[Data shown]:
......
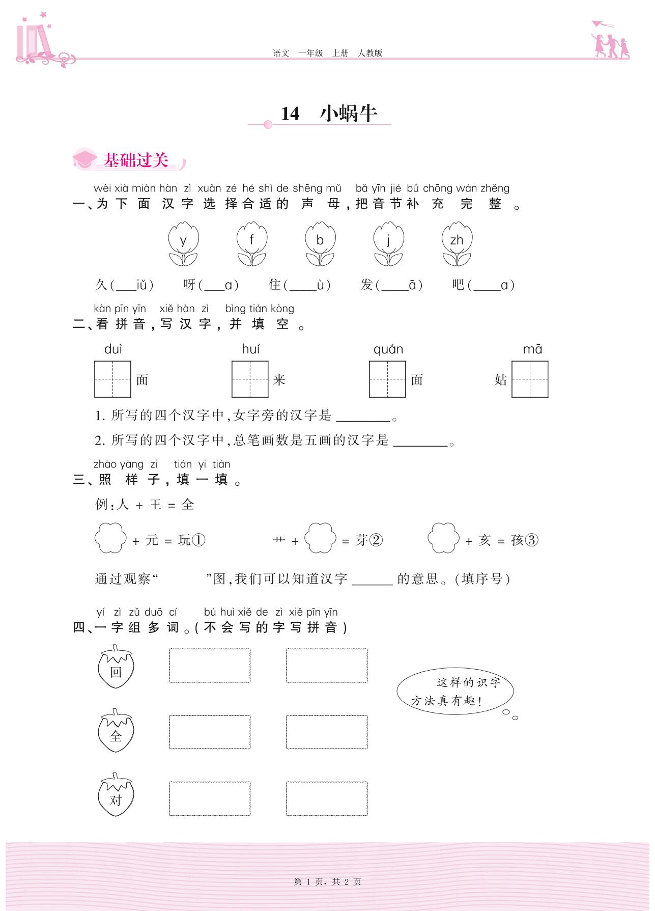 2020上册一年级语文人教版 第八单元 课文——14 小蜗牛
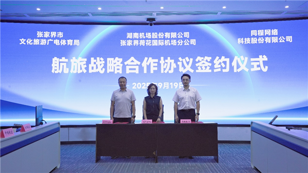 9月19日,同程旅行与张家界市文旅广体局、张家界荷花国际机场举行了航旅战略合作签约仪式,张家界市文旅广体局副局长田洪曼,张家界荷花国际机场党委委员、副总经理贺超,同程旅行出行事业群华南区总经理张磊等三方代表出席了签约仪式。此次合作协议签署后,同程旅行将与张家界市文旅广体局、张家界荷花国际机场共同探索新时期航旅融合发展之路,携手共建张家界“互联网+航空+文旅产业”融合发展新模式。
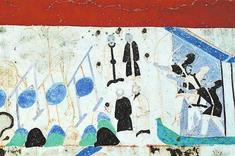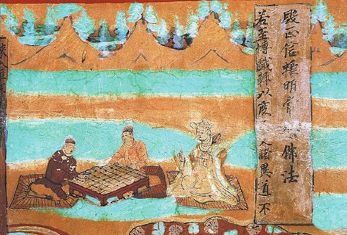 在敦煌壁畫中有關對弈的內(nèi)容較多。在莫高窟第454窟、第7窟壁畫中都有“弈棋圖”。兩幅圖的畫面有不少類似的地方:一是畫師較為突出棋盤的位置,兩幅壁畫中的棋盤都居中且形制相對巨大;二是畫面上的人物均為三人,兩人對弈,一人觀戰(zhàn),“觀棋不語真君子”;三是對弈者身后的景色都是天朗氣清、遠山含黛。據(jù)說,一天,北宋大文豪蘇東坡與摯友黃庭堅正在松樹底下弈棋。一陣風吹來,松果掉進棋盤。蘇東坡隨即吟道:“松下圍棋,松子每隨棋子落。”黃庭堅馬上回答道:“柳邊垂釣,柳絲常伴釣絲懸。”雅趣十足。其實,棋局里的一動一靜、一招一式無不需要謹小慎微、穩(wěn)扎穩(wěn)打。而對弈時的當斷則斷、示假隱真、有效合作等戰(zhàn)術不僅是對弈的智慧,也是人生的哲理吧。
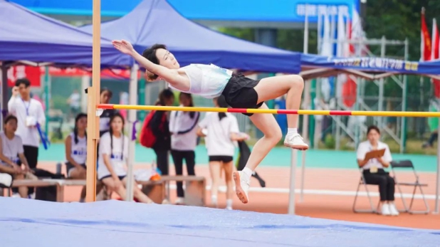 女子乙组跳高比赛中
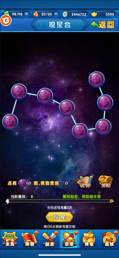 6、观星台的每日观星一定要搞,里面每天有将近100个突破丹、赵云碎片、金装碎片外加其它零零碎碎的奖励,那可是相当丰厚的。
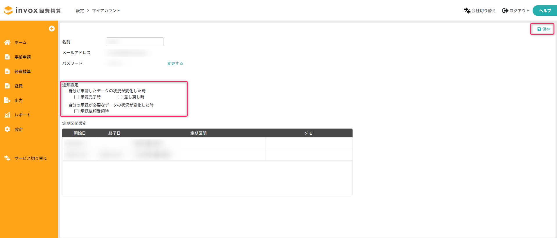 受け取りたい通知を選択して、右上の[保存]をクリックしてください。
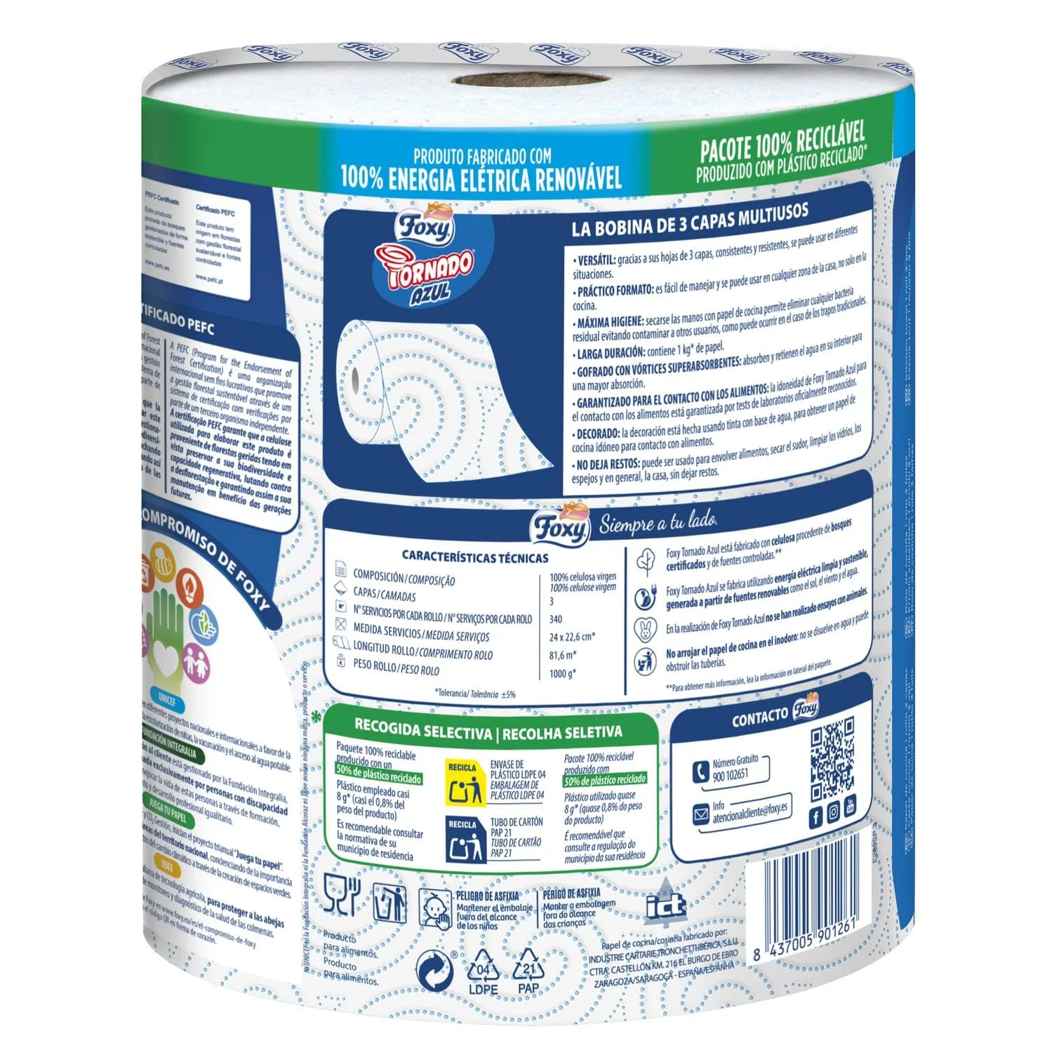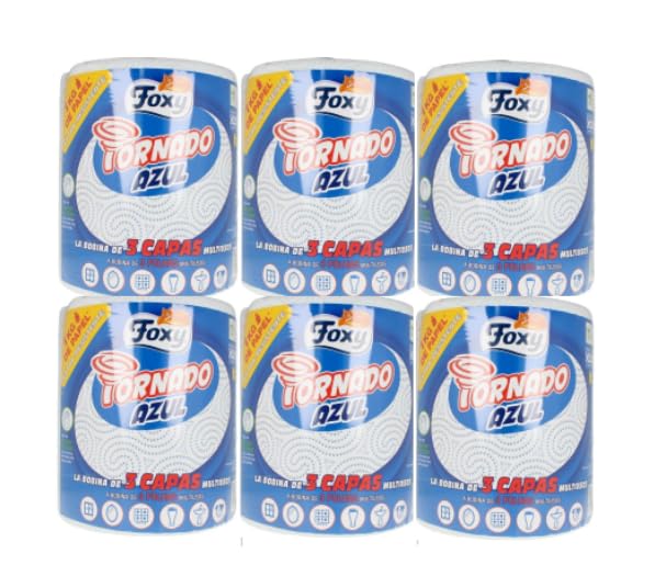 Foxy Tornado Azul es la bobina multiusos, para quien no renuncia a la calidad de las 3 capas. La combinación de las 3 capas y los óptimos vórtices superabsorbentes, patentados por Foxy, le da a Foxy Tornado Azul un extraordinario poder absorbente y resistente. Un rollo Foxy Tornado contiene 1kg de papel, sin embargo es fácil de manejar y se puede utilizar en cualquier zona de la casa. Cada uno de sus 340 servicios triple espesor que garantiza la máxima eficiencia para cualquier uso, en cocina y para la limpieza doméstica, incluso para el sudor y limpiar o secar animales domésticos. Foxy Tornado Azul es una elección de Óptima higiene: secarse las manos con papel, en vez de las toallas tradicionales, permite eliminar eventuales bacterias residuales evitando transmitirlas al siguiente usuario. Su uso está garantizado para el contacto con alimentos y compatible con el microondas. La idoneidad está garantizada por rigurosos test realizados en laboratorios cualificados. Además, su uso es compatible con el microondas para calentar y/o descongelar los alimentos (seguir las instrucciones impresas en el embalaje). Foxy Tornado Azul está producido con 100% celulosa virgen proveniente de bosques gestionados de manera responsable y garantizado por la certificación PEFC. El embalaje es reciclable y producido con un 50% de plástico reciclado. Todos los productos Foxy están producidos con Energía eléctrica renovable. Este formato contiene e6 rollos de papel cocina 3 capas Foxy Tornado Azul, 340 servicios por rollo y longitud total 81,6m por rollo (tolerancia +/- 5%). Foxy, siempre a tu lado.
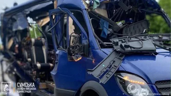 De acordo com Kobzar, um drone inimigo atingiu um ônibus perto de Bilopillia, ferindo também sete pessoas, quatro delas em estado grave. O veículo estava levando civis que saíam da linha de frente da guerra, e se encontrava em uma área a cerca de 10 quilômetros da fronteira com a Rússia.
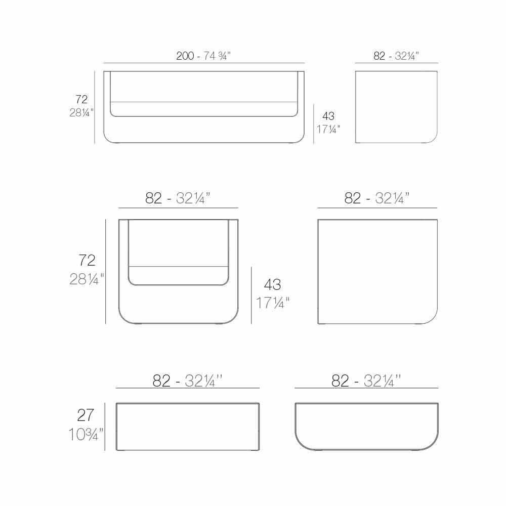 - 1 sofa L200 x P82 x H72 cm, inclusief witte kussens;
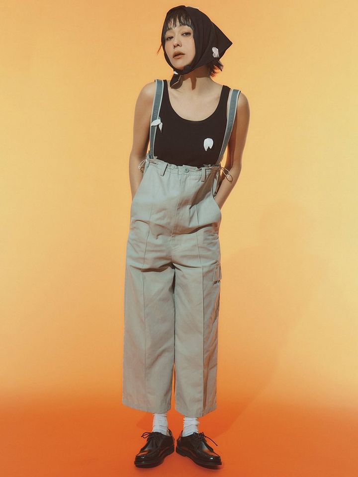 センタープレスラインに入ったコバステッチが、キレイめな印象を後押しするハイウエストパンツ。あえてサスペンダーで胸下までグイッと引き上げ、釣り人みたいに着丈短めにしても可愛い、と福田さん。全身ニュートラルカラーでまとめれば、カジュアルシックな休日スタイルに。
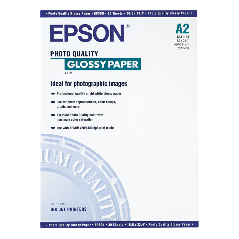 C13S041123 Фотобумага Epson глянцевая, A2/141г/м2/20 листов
......
[What to work on]: Apart from the pictures, every line of the data above should be given again exactly.

[Answer box]:
 2020上册一年级语文人教版 第八单元 课文——14 小蜗牛
 9月19日,同程旅行与张家界市文旅广体局、张家界荷花国际机场举行了航旅战略合作签约仪式,张家界市文旅广体局副局长田洪曼,张家界荷花国际机场党委委员、副总经理贺超,同程旅行出行事业群华南区总经理张磊等三方代表出席了签约仪式。此次合作协议签署后,同程旅行将与张家界市文旅广体局、张家界荷花国际机场共同探索新时期航旅融合发展之路,携手共建张家界“互联网+航空+文旅产业”融合发展新模式。
 在敦煌壁畫中有關對弈的內(nèi)容較多。在莫高窟第454窟、第7窟壁畫中都有“弈棋圖”。兩幅圖的畫面有不少類似的地方:一是畫師較為突出棋盤的位置,兩幅壁畫中的棋盤都居中且形制相對巨大;二是畫面上的人物均為三人,兩人對弈,一人觀戰(zhàn),“觀棋不語真君子”;三是對弈者身后的景色都是天朗氣清、遠山含黛。據(jù)說,一天,北宋大文豪蘇東坡與摯友黃庭堅正在松樹底下弈棋。一陣風吹來,松果掉進棋盤。蘇東坡隨即吟道:“松下圍棋,松子每隨棋子落。”黃庭堅馬上回答道:“柳邊垂釣,柳絲常伴釣絲懸。”雅趣十足。其實,棋局里的一動一靜、一招一式無不需要謹小慎微、穩(wěn)扎穩(wěn)打。而對弈時的當斷則斷、示假隱真、有效合作等戰(zhàn)術不僅是對弈的智慧,也是人生的哲理吧。
 女子乙组跳高比赛中
 6、观星台的每日观星一定要搞,里面每天有将近100个突破丹、赵云碎片、金装碎片外加其它零零碎碎的奖励,那可是相当丰厚的。
 受け取りたい通知を選択して、右上の[保存]をクリックしてください。
 Foxy Tornado Azul es la bobina multiusos, para quien no renuncia a la calidad de las 3 capas. La combinación de las 3 capas y los óptimos vórtices superabsorbentes, patentados por Foxy, le da a Foxy Tornado Azul un extraordinario poder absorbente y resistente. Un rollo Foxy Tornado contiene 1kg de papel, sin embargo es fácil de manejar y se puede utilizar en cualquier zona de la casa. Cada uno de sus 340 servicios triple espesor que garantiza la máxima eficiencia para cualquier uso, en cocina y para la limpieza doméstica, incluso para el sudor y limpiar o secar animales domésticos. Foxy Tornado Azul es una elección de Óptima higiene: secarse las manos con papel, en vez de las toallas tradicionales, permite eliminar eventuales bacterias residuales evitando transmitirlas al siguiente usuario. Su uso está garantizado para el contacto con alimentos y compatible con el microondas. La idoneidad está garantizada por rigurosos test realizados en laboratorios cualificados. Además, su uso es compatible con el microondas para calentar y/o descongelar los alimentos (seguir las instrucciones impresas en el embalaje). Foxy Tornado Azul está producido con 100% celulosa virgen proveniente de bosques gestionados de manera responsable y garantizado por la certificación PEFC. El embalaje es reciclable y producido con un 50% de plástico reciclado. Todos los productos Foxy están producidos con Energía eléctrica renovable. Este formato contiene e6 rollos de papel cocina 3 capas Foxy Tornado Azul, 340 servicios por rollo y longitud total 81,6m por rollo (tolerancia +/- 5%). Foxy, siempre a tu lado.
 De acordo com Kobzar, um drone inimigo atingiu um ônibus perto de Bilopillia, ferindo também sete pessoas, quatro delas em estado grave. O veículo estava levando civis que saíam da linha de frente da guerra, e se encontrava em uma área a cerca de 10 quilômetros da fronteira com a Rússia.
 - 1 sofa L200 x P82 x H72 cm, inclusief witte kussens;
 センタープレスラインに入ったコバステッチが、キレイめな印象を後押しするハイウエストパンツ。あえてサスペンダーで胸下までグイッと引き上げ、釣り人みたいに着丈短めにしても可愛い、と福田さん。全身ニュートラルカラーでまとめれば、カジュアルシックな休日スタイルに。
 C13S041123 Фотобумага Epson глянцевая, A2/141г/м2/20 листов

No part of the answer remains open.